Some common causes of low milk supply include:
- A delay in initiating breastfeeding
- No or very little skin-to-skin contact
- A delay in milk coming in due to delivery complications, illness or diabetes
- Poor attachment
- Feeding at fixed times
- Short feeds
- No nighttime feeding
- Infrequent feeds
- Worry and stress
- Lack of confidence
- Lack of bonding
- Dislike of breastfeeding
To help prevent low milk supply and maintain a healthy amount of breastmilk for your baby:
- Engage in early skin-to-skin contact at delivery and initiate breastfeeding as soon as possible.
- Ask for skilled breastfeeding support after delivery to ensure good attachment and effective suckling.
- Practice rooming-in (staying and sleeping in the same room as your baby) 24 hours a day.
- Breastfeed exclusively unless supplementing your milk supply is medically necessary as indicated by your health care provider.
3. What treatments are available for engorged breasts?

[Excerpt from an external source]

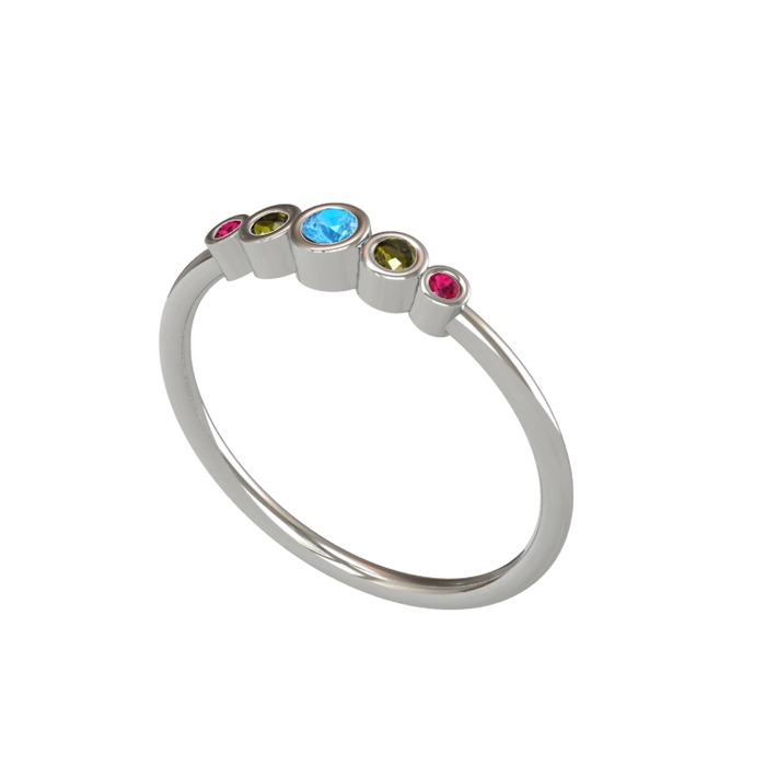 Akuamarin, peridot ve rodolit garnet 925 ayar gümüş yüzük

Having engorged breasts can be extremely painful. While full breasts can feel uncomfortable, engorgement is a different problem.
|They will feel hot, heavy and hard||They will feel painful, look abnormally swollen with fluid (oedematous) and tight. They may also look shiny and red|
|Milk will be flowing||Milk will not be flowing|
|You won’t have a fever||You may experience a fever for 24 hours|
Common causes and ways to prevent engorged breasts include:
Causes of engorgement
Ways to prevent engorgement
|Plenty of milk||Remove milk frequently (by hand expressing or with a pump) and initiate breastfeeding early|
|Delayed start to breastfeeding||Start breastfeeding soon after delivery|
|Poor attachment to the breast||Ensure proper attachment|
|Infrequent removal of milk or restricting the length of feeds||Allow unrestricted breastfeeding|
Reach out to your health care provider if you are experiencing engorged breasts.
4. How can I prevent cracked nipples when breastfeeding?
Sore or cracked nipples are usually a sign that your baby is not properly attached at the breast when feeding. Make sure that your baby has a good latch. If one or both of your nipples begin to crack or bleed, reach out to your health care provider as soon as possible for support. At home, try dabbing a bit of expressed breastmilk onto them after you feed. Breastmilk has healing properties that help relieve soreness.
5. What causes mastitis and blocked milk ducts? How do I prevent them?
Breastmilk flows through a system of ducts in your breasts to reach your baby. Sometimes, an area of these ducts can become blocked which stops the milk from flowing easily. Blocked ducts can be painful. Mastitis, an inflammation of the breast, can occur when a blocked duct does not clear or when the build-up of milk in your breast causes swelling or inflammation. Speak to your breastfeeding consultant, midwife or health care provider if you are experiencing pain from blocked ducts.
Some causes of blocked ducts and mastitis include:
- Short or infrequent breastfeeds
- Not removing the milk from part or all of the breast properly
- Damaged breast tissue
- Bacteria entering the breast through a crack in the nipple
To help relieve pain and treat your symptoms, try:
- Improving milk removal
- Correcting poor attachment
- Wearing loose-fitting clothing
- Breastfeeding more frequently
- Gently massaging toward the nipple
- Applying a warm compress to the area in pain
- Varying feeding positions
Breastfeeding isn’t a ‘one woman’ job, and it is very common to run into bumps along the way. Reach out to your health care provider with any concerns and surround yourself with family, friends and loved ones for support along the way. You’ve got this!